A faithful copy of the data, pictures omitted, is the required answer.

COLLECTED MATERIAL:
○ ○ ○

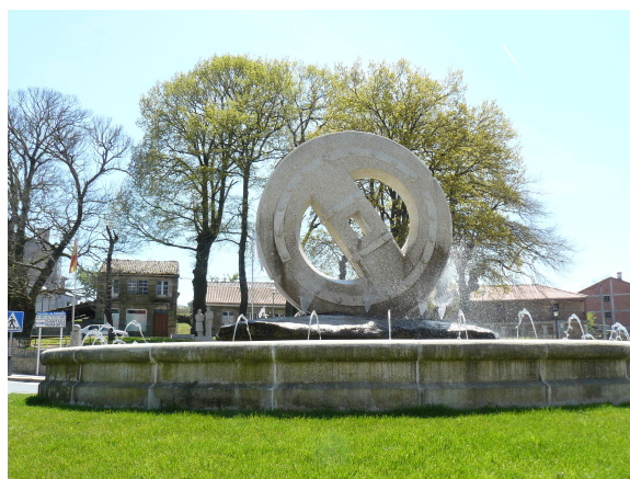
Rueda monumental en la plaza

Pasamos la plaza, que está presidida por la representación monumental en piedra de una rueda típica de los carros gallegos y llegamos justo a las 14,30 horas como teníamos previsto al “Bar Centro”. Pedimos, como no, un “Aquarius” y algo para picar, nos dijo que solo tenía chorizo o queso y de eso nosotros ya teníamos. También le preguntamos si tenía sello del bar para estampar en la credencial, dado que por lo ajustado de la hora no era posible acercarnos a ningún sitio oficial, aparte de que al ser domingo dudo que hubiera algo abierto o pudiéramos contactar a tiempo con la policía municipal de guardia. Como nos contestó que sí tenía sello, pero no tinta nos quedamos sin sellar. Ya lo haremos cuando volvamos para continuar desde aquí. Así que cuando terminamos la consumición nos cruzamos a la otra acera y nos sentamos en la puerta de una clínica dental para esperar a que llegara el autocar que hace el trayecto Santiago – Monforte y que así sucedió pasadas las tres de la tarde.
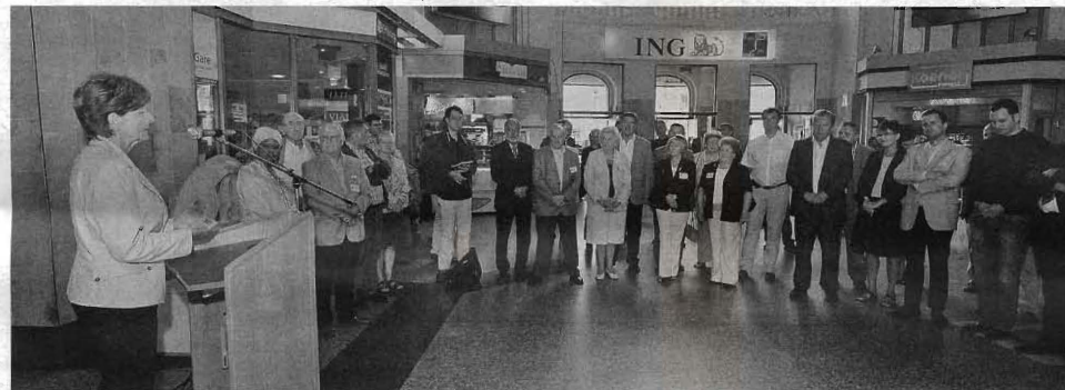
Stadtschöfün Anne Brasseur bei der offiziellen Eröffnung des „Gare Art Festival“ 2009

Übrigens, die diese Woche im Rahmen des „Gare Art Festival“ angefertigten Aluminium-Skulpturen sind zum Verkauf bestimmt. Etwaige Interessenten sollen sich vor-Ort informieren.

○ ○ ○

RESULT OF THE EXERCISE:
Rueda monumental en la plaza

Pasamos la plaza, que está presidida por la representación monumental en piedra de una rueda típica de los carros gallegos y llegamos justo a las 14,30 horas como teníamos previsto al “Bar Centro”. Pedimos, como no, un “Aquarius” y algo para picar, nos dijo que solo tenía chorizo o queso y de eso nosotros ya teníamos. También le preguntamos si tenía sello del bar para estampar en la credencial, dado que por lo ajustado de la hora no era posible acercarnos a ningún sitio oficial, aparte de que al ser domingo dudo que hubiera algo abierto o pudiéramos contactar a tiempo con la policía municipal de guardia. Como nos contestó que sí tenía sello, pero no tinta nos quedamos sin sellar. Ya lo haremos cuando volvamos para continuar desde aquí. Así que cuando terminamos la consumición nos cruzamos a la otra acera y nos sentamos en la puerta de una clínica dental para esperar a que llegara el autocar que hace el trayecto Santiago – Monforte y que así sucedió pasadas las tres de la tarde.
Stadtschöfün Anne Brasseur bei der offiziellen Eröffnung des „Gare Art Festival“ 2009

Übrigens, die diese Woche im Rahmen des „Gare Art Festival“ angefertigten Aluminium-Skulpturen sind zum Verkauf bestimmt. Etwaige Interessenten sollen sich vor-Ort informieren.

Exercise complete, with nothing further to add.